Key Ground Lease Terms: Described below are some of the key terms in a typical ground lease and some of the considerations that landlords and tenants must take into account in negotiating such a lease.

a. Term

Ground leases typically have significantly longer terms than other types of leases. Often the ground lease term is for 99 years, although the 99 year term may be stated in the form of a shorter initial term, with multiple renewal options. A tenant will want to ensure that the renewal options are not illusory, i.e. not subject to the whim of the landlord (e.g. provisions that the option lapses if the landlord and tenant cannot agree on rent for the renewal term). The ground lease should provide that if the landlord and tenant cannot agree on a rental rate for the renewal term, the rent is determined by an appraisal or arbitration method, described below.

b. Rent

Because ground leases are for longer terms, it is essential that a method be outlined in the lease for adjusting rent to keep up with inflation and the market over time. Typically, rent is adjusted by determining the fair market value of the property and then multiplying such value by the capitalization rate set forth in the lease to determine the rent for the renewal term.

Commonly, the fair market value of the property is determined by an appraisal process. A tripartite appraisal process in which the landlord and tenant each choose an appraiser (or arbitrator) and the two appraisers select a third appraiser is not unusual. There are several variations on how fair market value is determined by the appraisers, such as:

i. Landlord chooses an appraiser first who determines fair market value. Tenant can accept the first appraiser’s determination or select a second appraiser to do another fair market value determination. If the second appraisal is within a certain percentage of the first appraisal, the two are averaged and the average is the new rental rate. If the second appraisal and the first appraisal differ by more than a certain percentage, then a third appraiser is appointed. Either the third appraiser’s determination or a determination by agreement of two of three appraisers will serve as the fair market value.
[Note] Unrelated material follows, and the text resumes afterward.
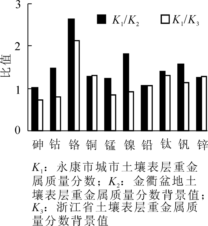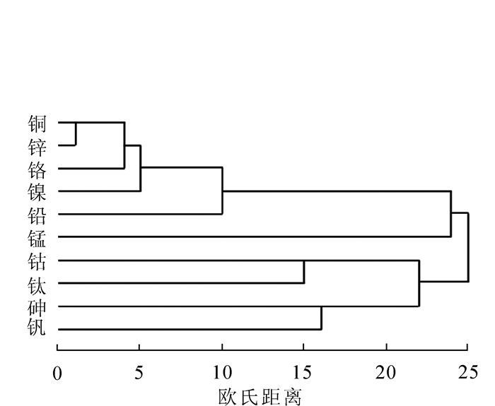 基于浙江省永康市市域范围内7种土地利用类型的采样点共计203个,利用描述性统计分析、单因素评价分析、内梅罗综合污染指数、相关性分析、主成分分析和聚类分析等方法对研究区土壤表层重金属质量分数、污染程度和重金属相关关系及来源进行研究。结果表明:①永康市城市土壤表层重金属砷(As),钴(Co),铬(Cr),铜(Cu),锰(Mn),镍(Ni),铅(Pb),钛(Ti),钒(V),锌(Zn)的平均质量分数为6.57,10.57,119.55,22.978,528.51,22.45,37.67,5751.81,84.37,90.25 mg·kg-1;②研究区表层土壤均呈现为轻度及以上污染水平,重金属元素的平均单因素污染指数由大到小依次为铬>镍>钒>钴>钛>铜>锌>锰>铅>砷;平均内梅罗综合污染指数由高到低排序为工业用地>交通用地>公园绿地>住宅用地>林地>市政文教用地>耕地。③永康市城市土壤表层中铬、铜、镍、铅、锌元素主要来源与当地的五金制造业和交通运输,砷和钒主要来源于工业与自然成土过程中的元素积累,钴和钛主要来源于五金制造业。图2表8参22

ii. A variation of this is the “baseball” approach in which the third appraiser must select the decision of one of the first two appraisers.

iii. Another variation is for both the first and second appraiser to be selected at the same time and require them to mutually agree on the fair market value.
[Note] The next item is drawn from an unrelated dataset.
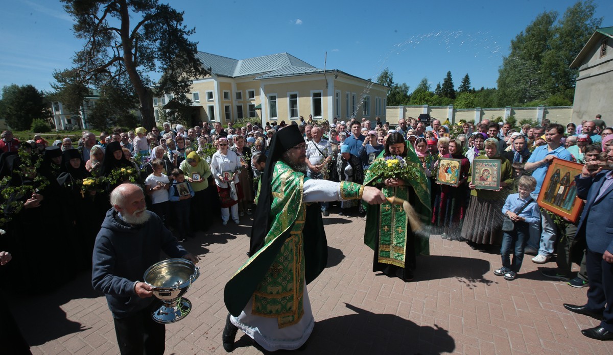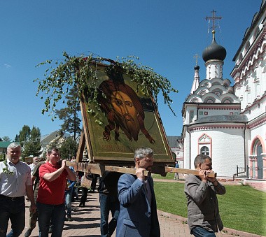 По окончании Великой вечерни с коленопреклоненными молитвами был совершен крестный ход, после которого все прихожане были приглашены на праздничную трапезу под березами. Там же состоялся концерт, подготовленный воспитанницами Александровской гимназии и сестрами обители.
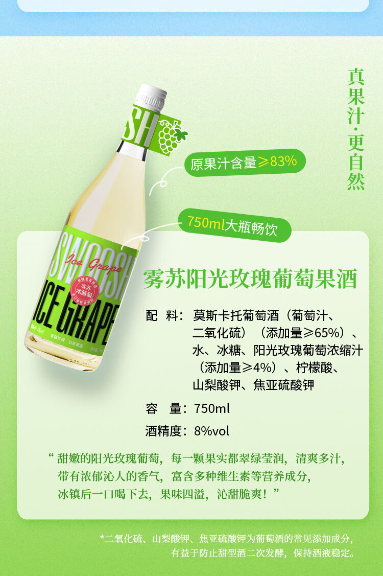 金羊毛【4项大奖 自然清甜】雾苏阳光玫瑰果味葡萄酒甜酒莫斯卡托鸡尾酒 750ml*2瓶

The appraisal processes can be time consuming and expensive, especially as the number of appraisers involved increases. Accordingly, a tenant will want to lengthen the intervals between which appraisals are required. Landlords and tenants also will attempt to shift the appraisal costs between them in the lease.
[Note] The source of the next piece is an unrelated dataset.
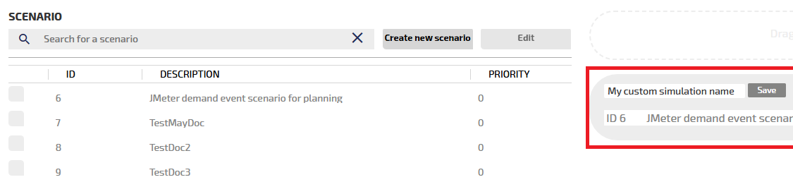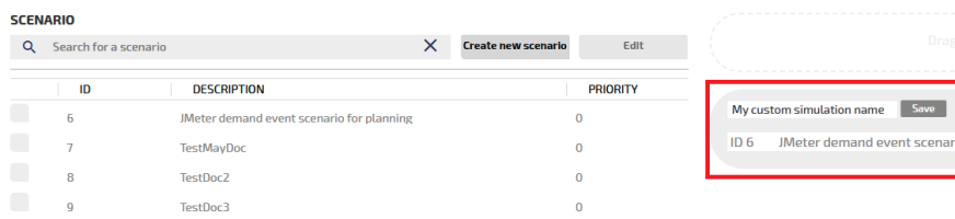 In the SCENARIO Area, select a specific scenario (left click) from the list and drag it into the Drag and drop scenarios in a new simulation white dashed area.

c. Completion of Improvements

The landlord will be particularly concerned with providing in the ground lease adequate safeguards to ensure that the tenant actually completes all of the tenant improvements so that the landlord is not left with a hole in the ground or a partial structure. A thorough investigation of the tenant’s financial strength and the terms of construction financing is necessary. A landlord should consider providing in the ground lease that construction cannot commence until the tenant delivers to the landlord: (i) an executed copy of the construction contract with a well-reputed contractor that provides for a fixed construction cost (to the extent possible), (ii) a commitment for a construction loan from a well-reputed lender, and (iii) a letter of credit or other security equal to the difference between the construction cost set forth in the construction contract and the amount of the construction loan. The extent to which the plans and drawings for the improvements must be pre-approved by the landlord is a matter of negotiation.

d. Protection From Liens and Liabilities

One of the risks of a ground lease to a landlord is the possibility that the tenant will cause liens to be placed on the property that could result in the landlord losing the fee interest or the improvements. Two common ways in which this could happen are failure to pay taxes or failure to pay for work in connection with the construction of improvements, resulting in mechanic’s or materialmen’s liens being placed on the property. In addition, the Comprehensive Environmental Liability Response Act of 1980 (CERCLA) (42 U.S.C. § 9601 et seq.) holds the landlord and tenant jointly and severally liable for contamination of the property when a hazardous substance is present on the property during the term of a lease. Landlords should insist upon such provisions in a ground lease as (i) affirmative covenants to pay all taxes on time, keep the property free and clear of all liens (other than a leasehold mortgage, described below) and to post a bond if the tenant has a bona fide dispute with respect to an assessment, (ii) restrictions on hazardous wastes, (iii) broad insurance requirements, and (vi) indemnification of the landlord from and against any and all third party claims.

e. Subleases

A tenant will want the ability to sublease the property freely. This is a reasonable expectation since subleasing will provide the return on the tenant’s investment in the improvements. A landlord is advised, however, to ensure that the ground lease requires that any sublease obligate the subtenant to, at the election of the landlord, attorn to the landlord and continue to perform all of its obligations under the sublease upon the termination or expiration of the ground lease. This is essential to the value of the property to revert to the landlord upon termination of the ground lease.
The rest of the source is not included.